Return all of the data that follows precisely, leaving every image out.
##### Source material #####
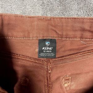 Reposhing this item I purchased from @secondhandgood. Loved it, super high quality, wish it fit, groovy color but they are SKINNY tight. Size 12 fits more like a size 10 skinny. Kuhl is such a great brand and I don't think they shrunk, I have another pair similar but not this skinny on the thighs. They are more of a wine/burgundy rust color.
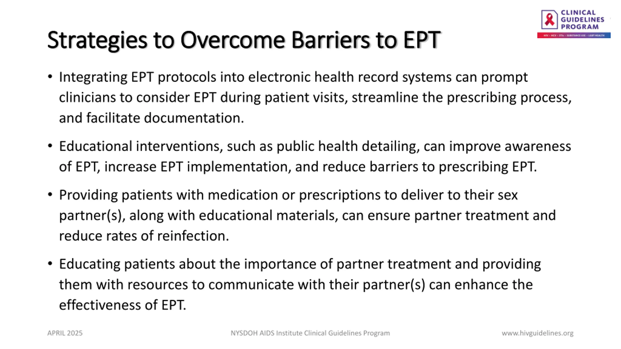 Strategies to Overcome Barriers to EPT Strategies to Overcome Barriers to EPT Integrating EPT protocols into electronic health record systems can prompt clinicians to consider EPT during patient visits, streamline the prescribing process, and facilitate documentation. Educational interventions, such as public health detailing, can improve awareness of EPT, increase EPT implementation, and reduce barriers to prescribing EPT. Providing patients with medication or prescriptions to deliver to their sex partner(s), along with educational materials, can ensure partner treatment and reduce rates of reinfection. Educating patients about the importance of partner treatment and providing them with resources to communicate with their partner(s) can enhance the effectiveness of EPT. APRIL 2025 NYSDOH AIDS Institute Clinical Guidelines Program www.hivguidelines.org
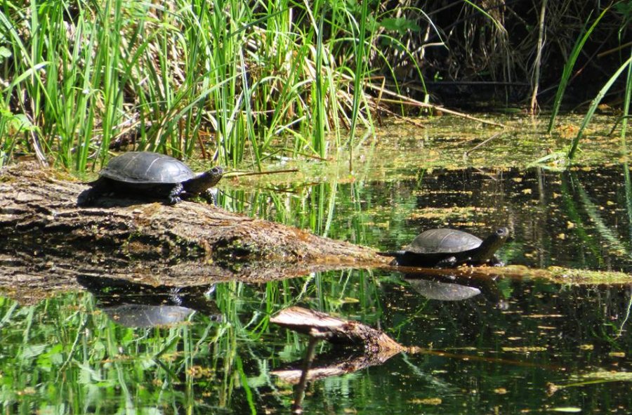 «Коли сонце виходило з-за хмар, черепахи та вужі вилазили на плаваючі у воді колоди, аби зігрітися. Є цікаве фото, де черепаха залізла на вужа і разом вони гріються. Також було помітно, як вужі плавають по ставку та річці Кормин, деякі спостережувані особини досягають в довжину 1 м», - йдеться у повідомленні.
#####
● Answer to this problem
 Reposhing this item I purchased from @secondhandgood. Loved it, super high quality, wish it fit, groovy color but they are SKINNY tight. Size 12 fits more like a size 10 skinny. Kuhl is such a great brand and I don't think they shrunk, I have another pair similar but not this skinny on the thighs. They are more of a wine/burgundy rust color.
 Strategies to Overcome Barriers to EPT Strategies to Overcome Barriers to EPT Integrating EPT protocols into electronic health record systems can prompt clinicians to consider EPT during patient visits, streamline the prescribing process, and facilitate documentation. Educational interventions, such as public health detailing, can improve awareness of EPT, increase EPT implementation, and reduce barriers to prescribing EPT. Providing patients with medication or prescriptions to deliver to their sex partner(s), along with educational materials, can ensure partner treatment and reduce rates of reinfection. Educating patients about the importance of partner treatment and providing them with resources to communicate with their partner(s) can enhance the effectiveness of EPT. APRIL 2025 NYSDOH AIDS Institute Clinical Guidelines Program www.hivguidelines.org
 «Коли сонце виходило з-за хмар, черепахи та вужі вилазили на плаваючі у воді колоди, аби зігрітися. Є цікаве фото, де черепаха залізла на вужа і разом вони гріються. Також було помітно, як вужі плавають по ставку та річці Кормин, деякі спостережувані особини досягають в довжину 1 м», - йдеться у повідомленні.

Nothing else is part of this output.